Aaaaaand nice one. The five of pentacles depicts two people, both poor and injured, limping past a church window that’s extravagant and lit up behind the falling snow. Waite imbued this card with a very late-Victorian sadness for the “plight of the working man,” which in no way allowed the Victorians to see that the problem was systemic. Of course, some did, and in fact the Victorian period was the first in which “anarchist terrorists” were a boogeyman to scare people into submission. This card has everything the song has: the church in the background (the antichrist), the poor, powerless people (the speaker), and the monolithic groups who just don’t care (the long list of social reform groups).

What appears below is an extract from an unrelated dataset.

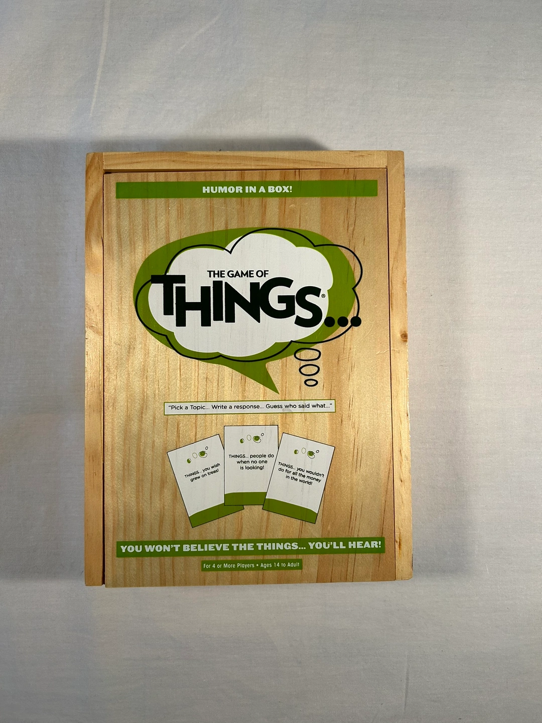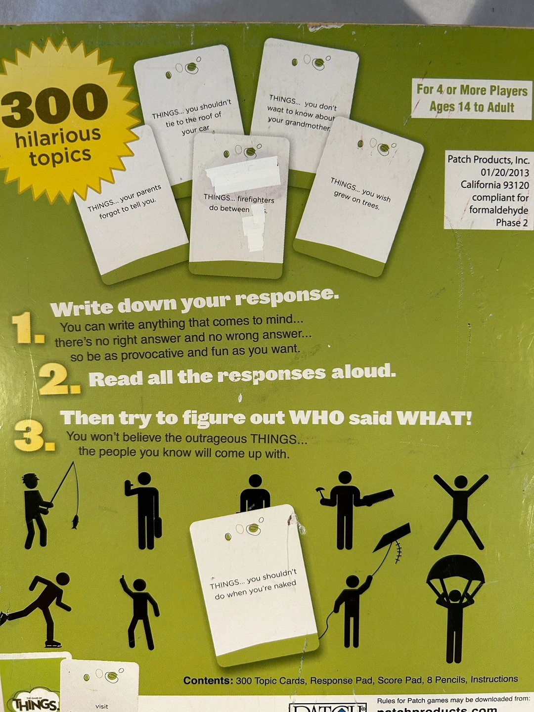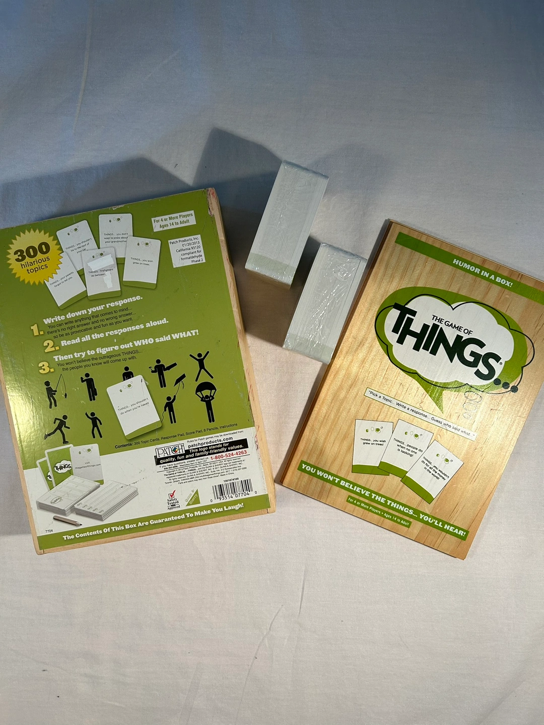 Fun game for 4 or more over 14yrs old. (We’ve played with 3 incl a 10yr old and had a blast. Family reunions, BBQs, fire pit circle, company picnic, or any gathering. Really great ice breaker / conversation starter, lotsa’ laughs. Brand new, unopened. Wood box 10 1/2”X 7 3/4” X 2 1/4. New on Amazon is $47.50!

Now, this card isn’t always negative. It could imply that the people just need to go inside the church, that they’re too focused on their pain to notice the help that’s there. However, I would only suggest that reading to someone if the context hinted at it already. No one’s coming out of the church to greet these two. And if you look, there are no footprints in the snow except the two’s. No one else is out at all: they’re alone. The song is about alienation, pure and simple. It’s about the caustic results of that loneliness. When you’re cast adrift by everything and everyone, but those things act as though they’re charitable and kind and decent, you just want to burn it all down.

Sub-Mission

It’s the naughty sex song! Seriously, it’s funny, but it’s not subtle. We’re “going down” into watery depths. The most interesting thing here is the submarine image, bringing the Cold War temporarily into focus even in this song. It’s just sort of there, like a specter, waiting around until the speaker falters. And he feels as though he does: he feels that the object of his affections drags him down, which isn’t all bad, of course. If our “watery mysteries” are sexy lady mysteries, then getting dragged down is all about, well, getting down. But the language still suggests drowning and death. It could be the good kind, with a renewal at the end. But it could also be Eliot’s… fear death by water.

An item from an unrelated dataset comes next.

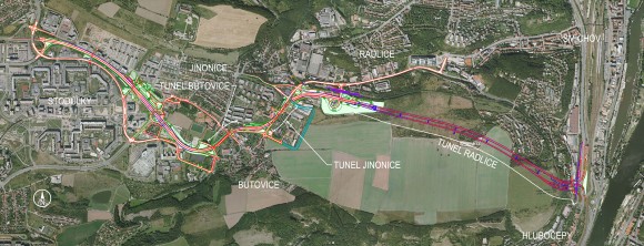 Přehledná situace trasy Radlické radiály s vyznačením tunelových úseků, návrh DÚR (© 2012 sdružení PUDIS – SATRA)

Yes, obviously water is the last thing to actually fear in The Waste Land, but you know what I mean.

The Star

the_star

Well, there’s our water and our mysterious lady! I often have a little difficulty with The Star, at least when it comes to my own life and personal readings. I got it today, in fact, on my daily draw. But, basically, the Star is the light at the end of the tunnel. It follows a series of dark, dangerous cards like The Devil. The woman is spiritually balanced, with one foot on the lush land and another in (or on) the deep water. That implies a connection between consciousness and unconsciousness.

And that’s certainly relevant for the song. Sex is often a revelatory, or at least a powerful, experience precisely because it unites the conscious and unconscious mind, at least for a moment. That’s why orgasm can (can) be useful as a form of gnosis in rituals. This is the first damn song on the album that isn’t angry as fuck, and it’s because the speaker’s desire is coming up from his unconscious. He’s spent an entire album trying to protect himself, but he’s suddenly submitting to the grip of a personal connection, even if it’s just because he’s horny.

Pretty Vacant

Here we have a portrait of the good citizen who has given in (submitted!) to the cultural pressure around them. This song is a fascinatingly prescient look at the 1980s, which is widely considered a “selfish” decade. People behaved that way precisely because there was nothing else to do. The cultural revolutions of to 60s appeared to have failed, in the face of recession and war. The 70s inward-turned “selfishness” exploded into a “greed is good” era of computerization and vapid narcissism.

You understand these are all huge generalizations based on pop history. The specific point I want to make is that it was already evident that society was ironing out the wrinkles in people’s brains (yeah, that’s a reference to FLCL, you’re welcome). So the song is making fun of the pretty people who are all so empty inside.

Knight of Cups

knight_of_cups

The knight of cups is usually someone you’d like to know. They’re in touch with their emotions and able to tap into the force of them. However, their emotions may rule them instead. So they could be the person who just can’t stay calm, and will say it’s a virtue, because they’re being honest about their feelings.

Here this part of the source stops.